Activity =>
Omit the pictures and output exactly the lines from the start of the entries through the line containing "林園愛鄉協會創會理事長陳俊強".

Information given =>
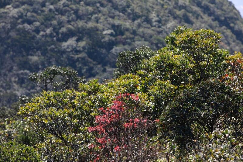 Hoa Đỗ Quyên, đào Chuông, chè và các cây bụi dạng thấp xuất hiện nhiều gần phía đỉnh ngọn núi.
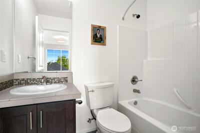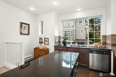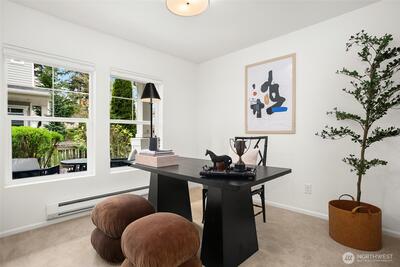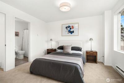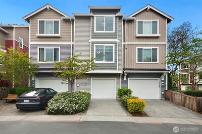 Begin your mornings with coffee and a quiet walk through tree-lined paths, where your neighborhood's parks, trails, and open green space feel like an extension of home. Nestled in West Seattle’s connected and green-designed High Point community, this townhome offers desirable location, convenience and turn-key livability. Gather in a light-filled main level where kitchen, dining, and living spaces flow effortlessly together, refreshed with all new interior paint, new carpeting, and stainless appliances, including a new refrigerator and range. Large windows bring in soft natural light throughout the day. New window coverings were installed in both bedrooms and lower level den for comfort and privacy. Upstairs, two ensuite bedrooms offer flexibility, each with its own bath and generous closets. The entry level features a versatile bonus space, ideal for a home office, workout area, or creative studio. An attached one-car garage with additional driveway parking adds everyday ease. Life
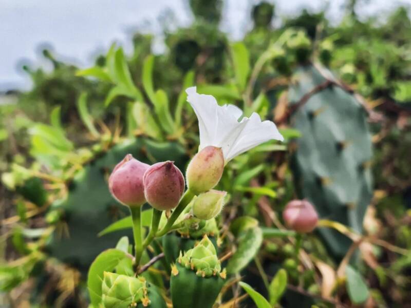 林園愛鄉協會創會理事長陳俊強指出,清明連假前濕地公園內的花朵「含苞待放」,卻遲遲無法開花,沒想到清明連假期間下雨,水分一次到位,包括金武扇仙人掌、盒果藤、馬鞍藤、紅海欖、苦楝、水黃皮、草海桐、毛西番蓮、苦林盤、長柄菊等一起綻放爭妍。
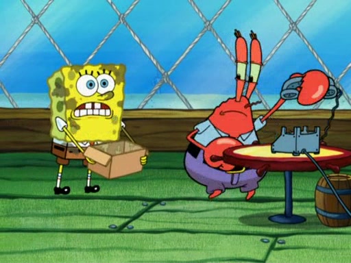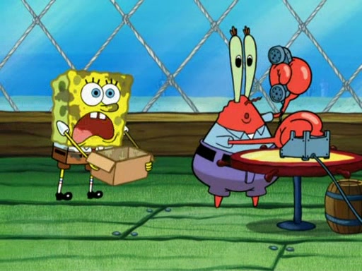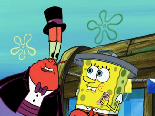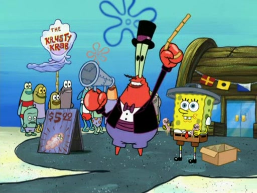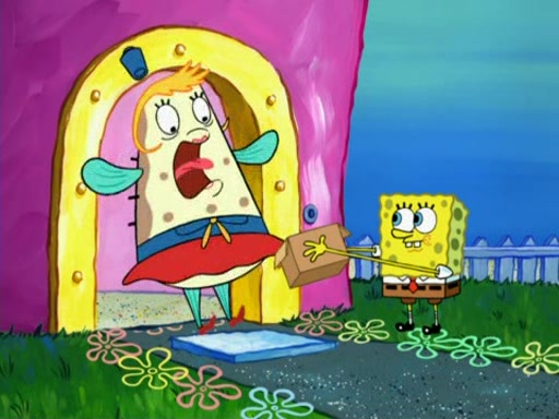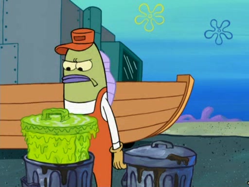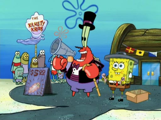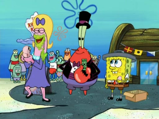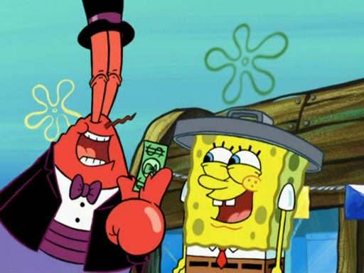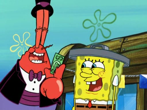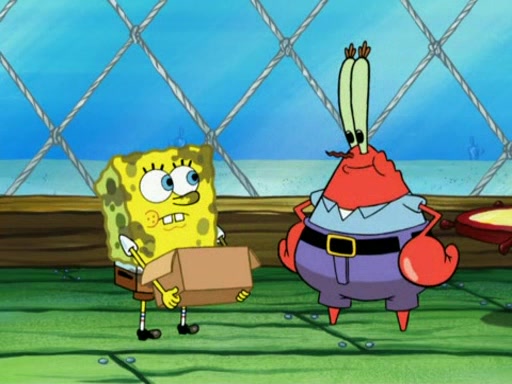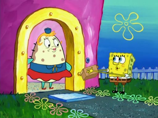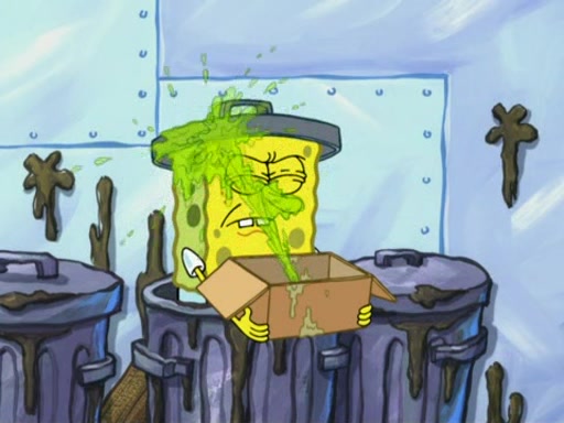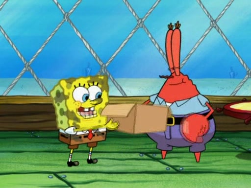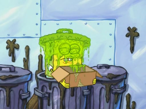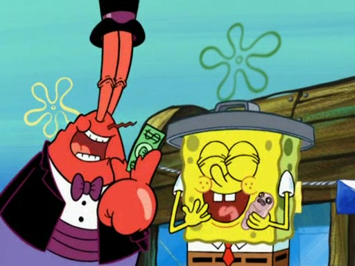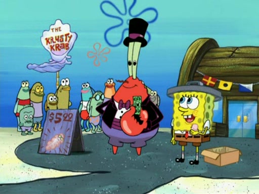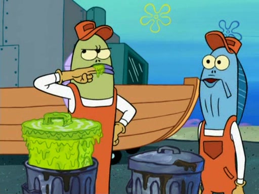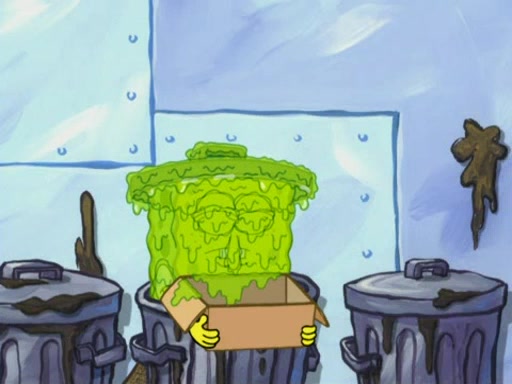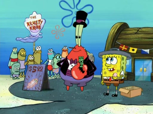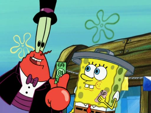 SpongeBob then scoops up the meadow worms and puts them in the box that they were in. After this, SpongeBob tries to sell them to Mr. Krabs, in which he declines because the worms spit up on his face as well, and forces him to take the worms out of his restaurant. SpongeBob puts them by the garbage, but the babies spit on him too. Garbage men come up and they are about to take the garbage away when they see the acid on SpongeBob's face. They see that it is a very rare type of worm, and Mr. Krabs comes out, hearing how it is rare and they would bring a lot of money. So, SpongeBob and Mr. Krabs sell the worms to the people of Bikini Bottom.
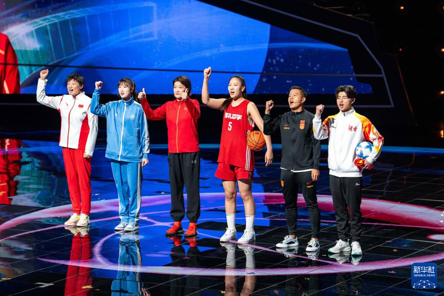 1/011月20日,前中國女排運(yùn)動(dòng)員楊昊(左一)、前中國女籃運(yùn)動(dòng)員宋曉波(左三)、前中國男足運(yùn)動(dòng)員黃博文(右二)和三名參賽運(yùn)動(dòng)員在開幕式上。(新華社記者 陳思汗/攝)

Reply to the exercise =>
 Hoa Đỗ Quyên, đào Chuông, chè và các cây bụi dạng thấp xuất hiện nhiều gần phía đỉnh ngọn núi.
 Begin your mornings with coffee and a quiet walk through tree-lined paths, where your neighborhood's parks, trails, and open green space feel like an extension of home. Nestled in West Seattle’s connected and green-designed High Point community, this townhome offers desirable location, convenience and turn-key livability. Gather in a light-filled main level where kitchen, dining, and living spaces flow effortlessly together, refreshed with all new interior paint, new carpeting, and stainless appliances, including a new refrigerator and range. Large windows bring in soft natural light throughout the day. New window coverings were installed in both bedrooms and lower level den for comfort and privacy. Upstairs, two ensuite bedrooms offer flexibility, each with its own bath and generous closets. The entry level features a versatile bonus space, ideal for a home office, workout area, or creative studio. An attached one-car garage with additional driveway parking adds everyday ease. Life
 林園愛鄉協會創會理事長陳俊強指出,清明連假前濕地公園內的花朵「含苞待放」,卻遲遲無法開花,沒想到清明連假期間下雨,水分一次到位,包括金武扇仙人掌、盒果藤、馬鞍藤、紅海欖、苦楝、水黃皮、草海桐、毛西番蓮、苦林盤、長柄菊等一起綻放爭妍。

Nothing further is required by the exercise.